Only the lines from the one containing "Notă: Testerul TDS" to the end of the listing below should be returned, exactly as written and without pictures.

[Start of Attachment]

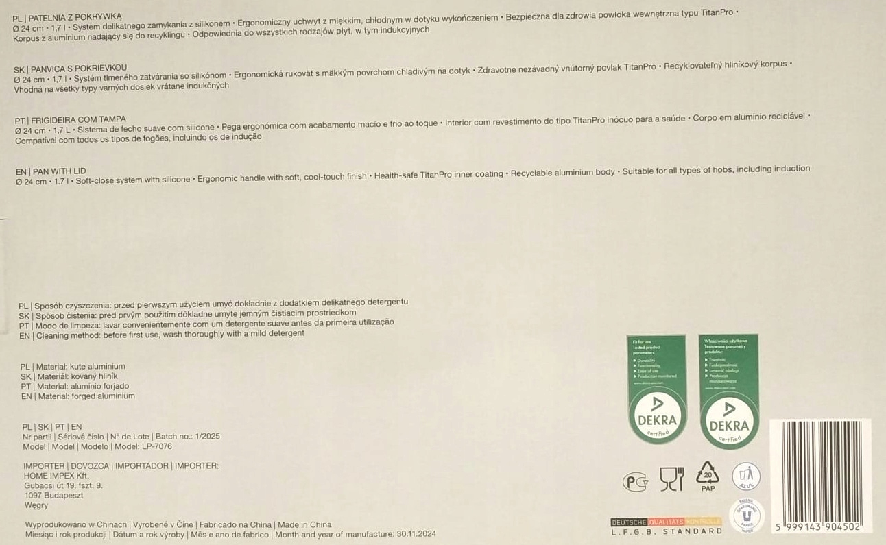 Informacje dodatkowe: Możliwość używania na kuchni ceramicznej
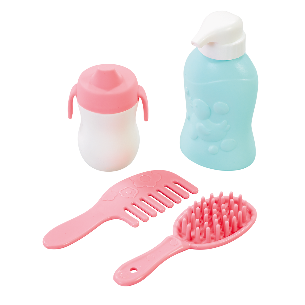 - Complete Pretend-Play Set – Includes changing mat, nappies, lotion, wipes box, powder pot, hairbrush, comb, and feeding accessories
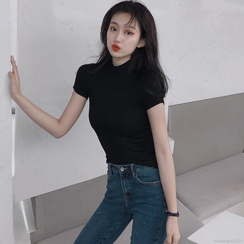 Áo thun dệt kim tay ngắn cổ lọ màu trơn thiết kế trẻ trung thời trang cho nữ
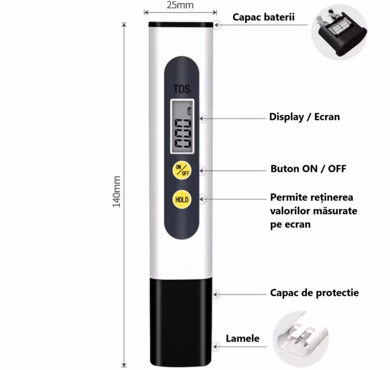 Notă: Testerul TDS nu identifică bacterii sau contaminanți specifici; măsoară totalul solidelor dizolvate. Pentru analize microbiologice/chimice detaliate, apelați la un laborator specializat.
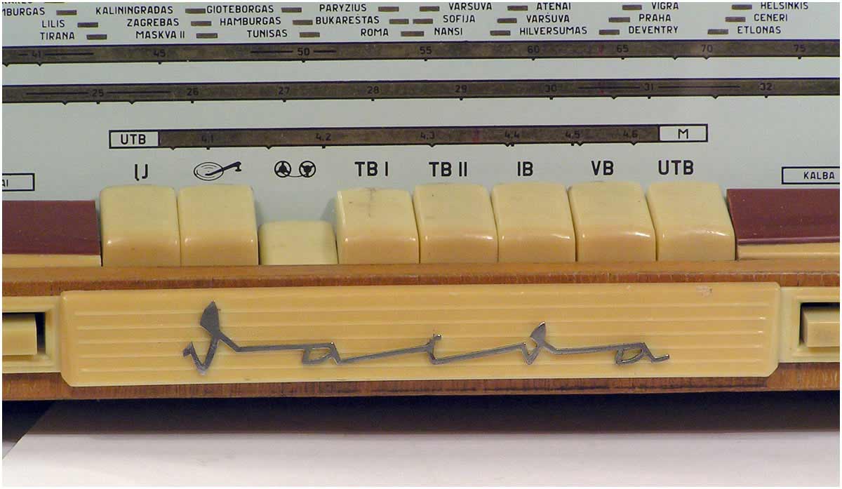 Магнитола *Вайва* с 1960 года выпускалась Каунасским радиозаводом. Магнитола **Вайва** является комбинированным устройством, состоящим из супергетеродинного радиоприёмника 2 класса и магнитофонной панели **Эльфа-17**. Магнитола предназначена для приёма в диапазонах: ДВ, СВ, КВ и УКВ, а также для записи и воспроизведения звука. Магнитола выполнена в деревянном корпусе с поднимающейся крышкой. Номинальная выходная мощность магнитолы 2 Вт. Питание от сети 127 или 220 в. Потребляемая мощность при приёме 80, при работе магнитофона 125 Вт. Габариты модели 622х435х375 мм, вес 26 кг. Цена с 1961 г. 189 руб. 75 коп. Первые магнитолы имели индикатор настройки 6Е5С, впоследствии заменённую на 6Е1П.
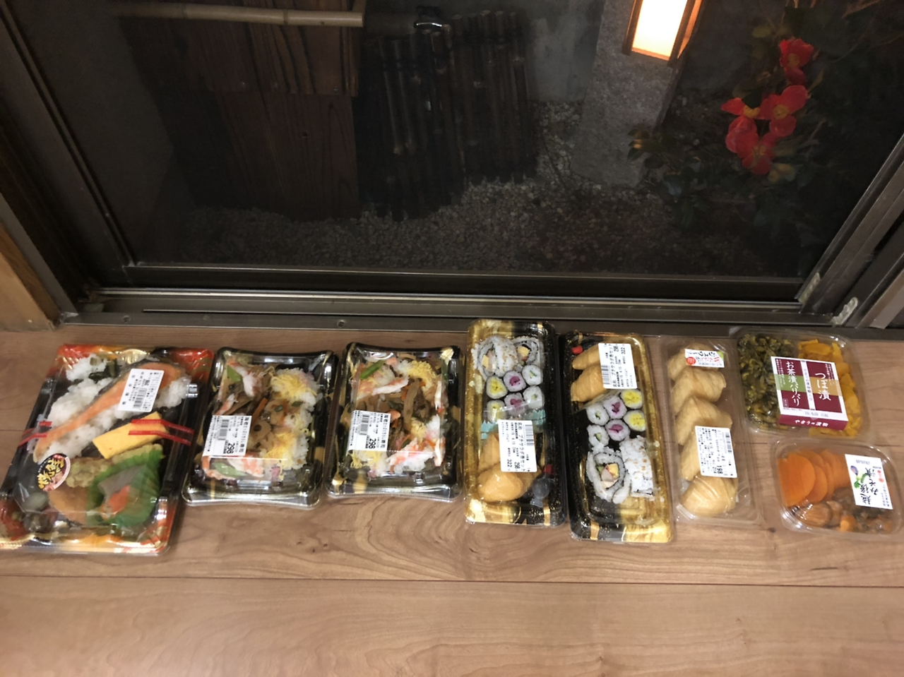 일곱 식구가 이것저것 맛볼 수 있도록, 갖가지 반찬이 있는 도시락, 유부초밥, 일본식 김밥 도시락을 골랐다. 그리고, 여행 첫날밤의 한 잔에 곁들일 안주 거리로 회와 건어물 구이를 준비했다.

[End of Attachment]

RESPONSE AREA:
 Notă: Testerul TDS nu identifică bacterii sau contaminanți specifici; măsoară totalul solidelor dizolvate. Pentru analize microbiologice/chimice detaliate, apelați la un laborator specializat.
 Магнитола *Вайва* с 1960 года выпускалась Каунасским радиозаводом. Магнитола **Вайва** является комбинированным устройством, состоящим из супергетеродинного радиоприёмника 2 класса и магнитофонной панели **Эльфа-17**. Магнитола предназначена для приёма в диапазонах: ДВ, СВ, КВ и УКВ, а также для записи и воспроизведения звука. Магнитола выполнена в деревянном корпусе с поднимающейся крышкой. Номинальная выходная мощность магнитолы 2 Вт. Питание от сети 127 или 220 в. Потребляемая мощность при приёме 80, при работе магнитофона 125 Вт. Габариты модели 622х435х375 мм, вес 26 кг. Цена с 1961 г. 189 руб. 75 коп. Первые магнитолы имели индикатор настройки 6Е5С, впоследствии заменённую на 6Е1П.
 일곱 식구가 이것저것 맛볼 수 있도록, 갖가지 반찬이 있는 도시락, 유부초밥, 일본식 김밥 도시락을 골랐다. 그리고, 여행 첫날밤의 한 잔에 곁들일 안주 거리로 회와 건어물 구이를 준비했다.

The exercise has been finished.